Hugo Arillo

Personal information
- Nationality: Spanish
- Born: Hugo Arillo Vazquez 28 February 2002 (age 24) Alicante

Sport
- Sport: Taekwondo
- Weight class: Lightweight

Medal record
Men's taekwondo
Representing Spain
World Championships
| Silver medal – second place | 2023 Baku | 54kg |
European Games
| Gold medal – first place | 2023 Kraków-Małopolska | 54kg |

= Hugo Arillo =

Spanish taekwondo practitioner

Hugo Arillo Vazquez (born 28 February 2002) is a Spanish taekwondo practitioner. He was a silver medalist at the 2023 World Taekwondo Championships.

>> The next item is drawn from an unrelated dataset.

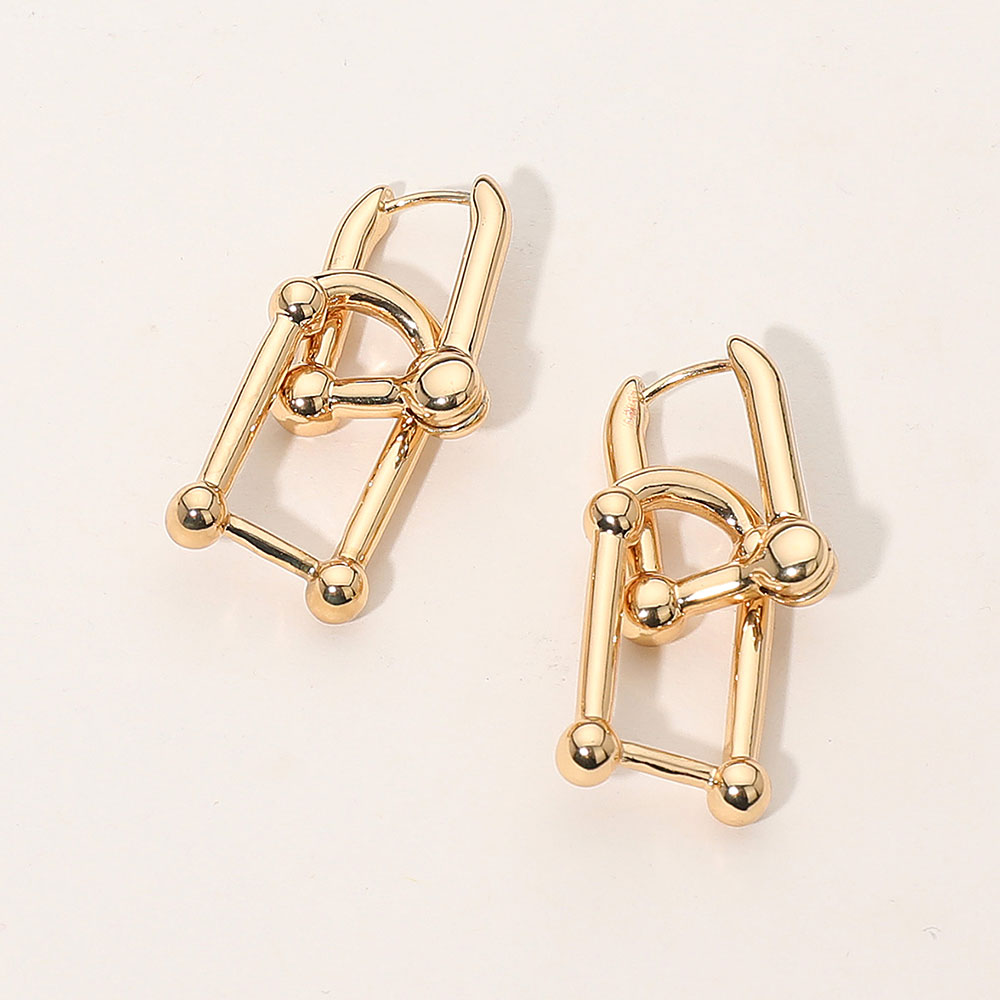 Details • Size : 0.6" X 1.6" • Post Back • Elevate your jewelry collection with these geometric linked earrings featuring a sculptural, minimalist design. Perfect for adding a sleek, modern accent to any outfit, they blend elegance and edge, making them a versatile statement piece for day or night. • Lead and Nickel Compliant

==Early and personal life==
Born in Alicante, he grew up in Elche, in the Valencian Community of Spain. He was given the award for Best Male Athlete at the Elche City Council Sports Gala in 2023. By 2023, he was living and training in San Cugat del Vallés in Catalonia.

==Career==
He had a successful year competing the youth circuit in 2019, combining victory in the Spanish Open with silver medals at the Belgian Open and World Taekwondo Europe Multi European Games with a bronze at the European Championships. However, he could only compete in one event in 2020 due to the coronavirus pandemic.

In 2021, he was able to step up into the senior ranks of taekwondo, winning a bronze medal at the Turkey Open in March 2021.

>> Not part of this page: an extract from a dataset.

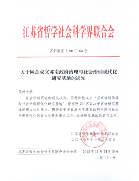 苏州大学落实党的十八届三中全会的重要决定,紧紧围绕国家战略的实施,抢抓机遇、主动对接、全面融入,推动苏南政府治理体系在服务地方经济社会发展大局中创新发展,适时地申报了“苏南政府治理与社会治理现代化研究基地”,并被江苏省社科联批准立项。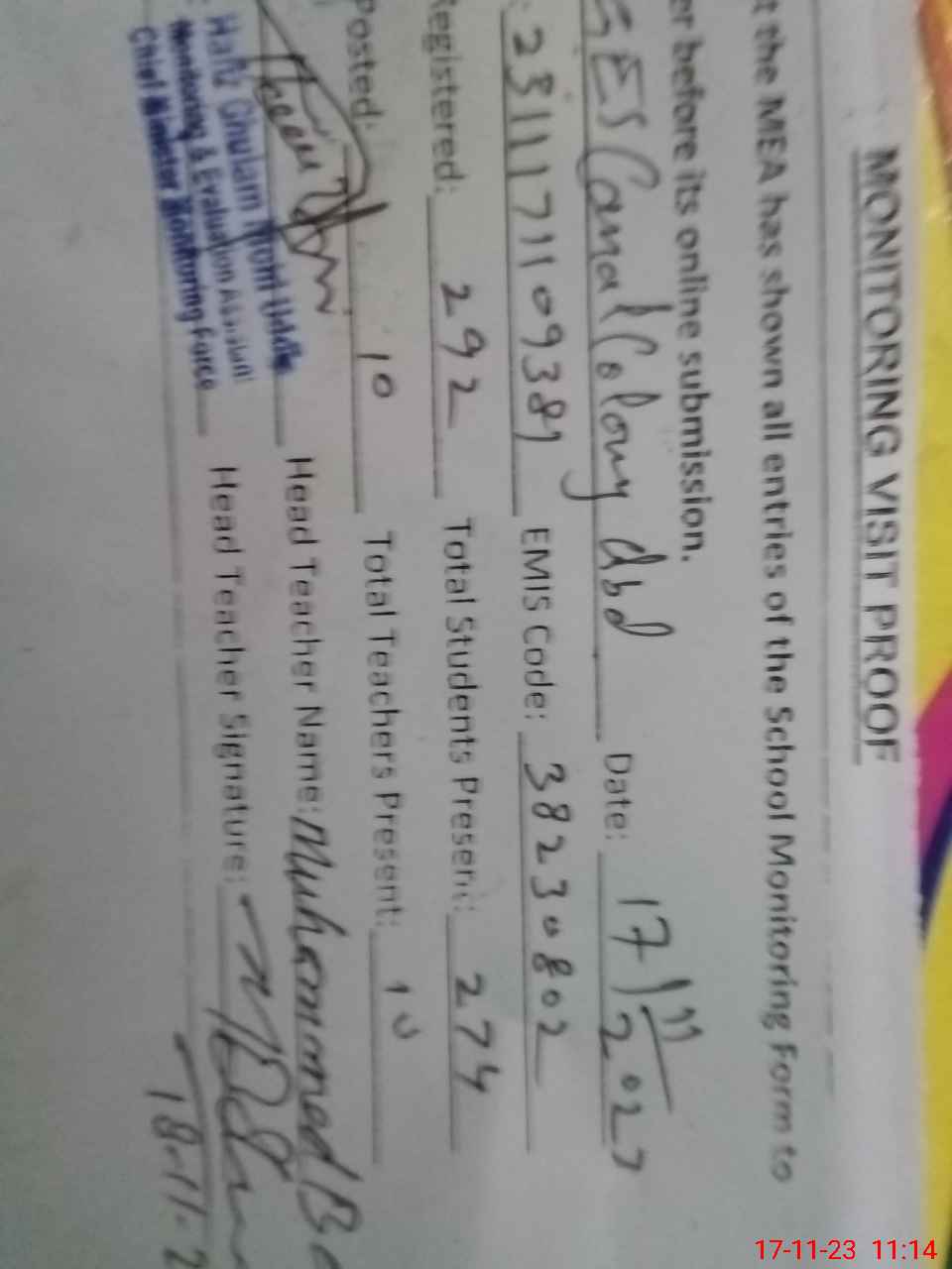 | EMIS Code: 38230802 | Name of School: GES CANAL COLONY GUNJIAL | |||

He won the bronze medal in the President Cup in 2023 in Istanbul.

He was a silver medalist in the finweight at the 2023 World Taekwondo Championships in Baku, defeating Görkem Polat in the semifinals before losing out to South Korean Park Tae-joon in the final.

He won the gold medal at the 2023 European Games in Kraków defeating Sayyad Dadashov of Azerbaijan in the final. He won the bronze medal at the Manchester Grand Prix in December 2023.